Appointment of local RFC 5646, with ISO 639 and ISO 3166
In practice, the alphabetic code values are preferable in applications that are internationalized locate data. These are the alphabetic code values for use in local codes, together with the alpha language code elements of the standard ISO 639 and the alpha or numeric code elements for countries and regions of the standard ISO 3166.
The local applications are described in accordance with the current RFC 5646 (BCP 47) to take into account both the ISO 15924 codepoints writing, in addition to code elements of language ISO 639 code elements and countries and regions ISO 3166.
Differences names with those of standard ISO / IEC 10646
There is no exact bijection between English and French names of scripts defined in ISO 15924 and designations in English and French names used in the normative character and character blocks allocated in the standards ISO / IEC 10646 (and So as Unicode ).
However, future blocks of characters and character standardized in ISO / IEC 10646 (Unicode and thus also) will be appointed, if possible, in accordance with ISO 15924.
Differences alphabetic code values with those of the standard Unicode
Similarly, there is no bijection between the exact code elements of alphabetic writing in ISO 15924 standard and codes of scripts used in the tables of character properties Unicode. Indeed, the ISO 15924 contains additional elements to make distinctions to use bibliographic entries between which were unified in ISO and Unicode character encoding.

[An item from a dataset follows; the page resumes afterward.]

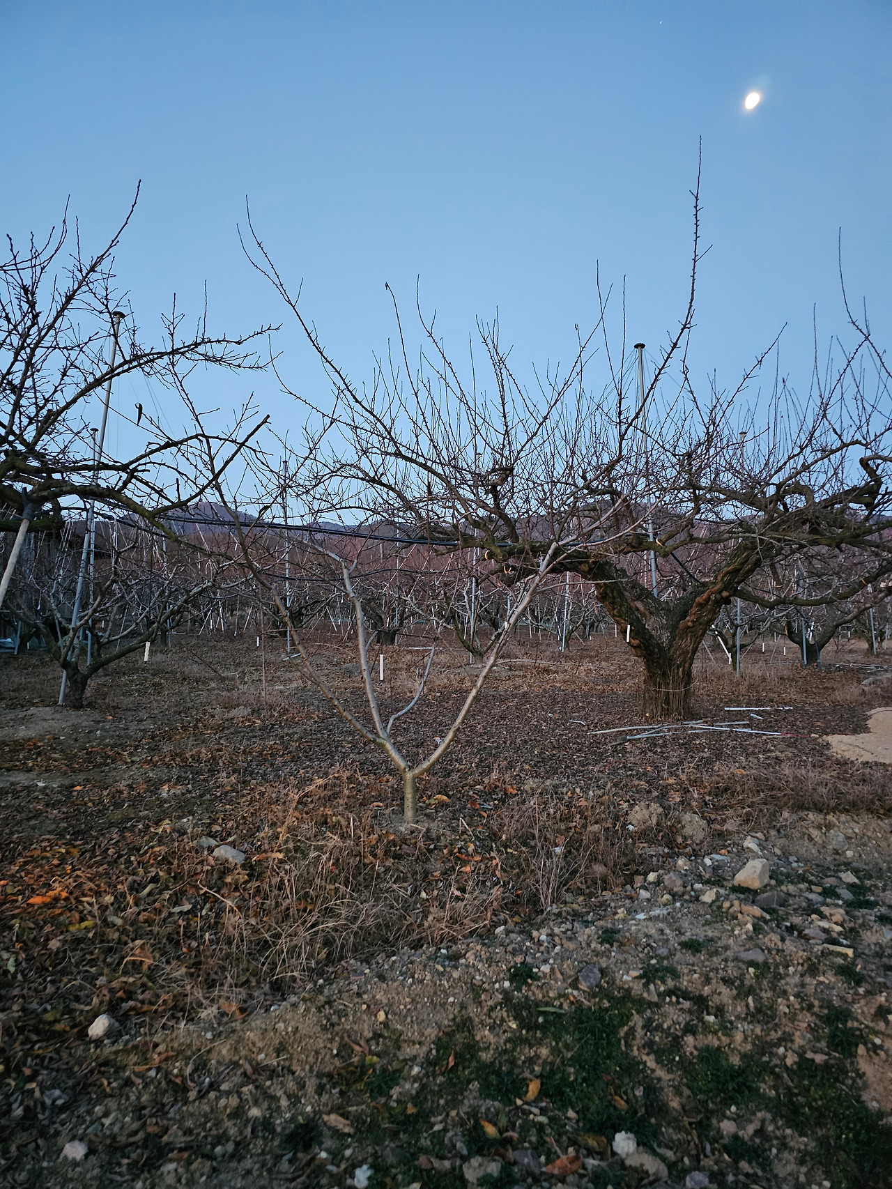 자두밭의 나무는 위에서 아래로 잘려져 나가고

ISO 15924 contains code elements and distinctive names for the entries that were so unified in a single Unicode (which treats them as typographical variants without differential encoding at the characters and their properties normative or informative).
On the other hand, ISO 15924 was created after the Unicode standard, the format of alphabetic code values may differ from ISO 15924 normative codes used in the tables of Unicode properties (which may be longer and contain underscores).
For information purposes only, ISO 15924 defines an alias (or "documentation of property value) for standardized records, to find the correspondence with the character properties defined in the Unicode standard, where such a difference exists. Since ISO 15924 was published, the Unicode Consortium has committed not to establish new codes different from those defined in ISO 15924, and uses, whenever possible, the alphabetic code elements of ISO 15924. Therefore all the synonyms of Unicode properties are not listed in the tables ISO 15924 (see actual code used in the properties files in the Unicode standard itself, and Unicode added synonyms Property Values Character , which can now only use code elements in ISO 15924-compliant applications to Unicode).
See also
External Links
- (In) http://www.unicode.org/iso15924/ - Registration Authority and maintenance codes for the representation of names of scripts, Unicode Consortium :
- (En) (en) standard ISO 15924 , the official online version;
- (En) (fr) Table 1. Alphabetical list of code elements to write four letters ;
- (En) (fr) Table 2. Numerical list of code elements of writing ;
- (En) (fr) Table 3. Alphabetical list of names of scripts in English ;
- (En) (fr) Table 4. Alphabetical list of entries in French.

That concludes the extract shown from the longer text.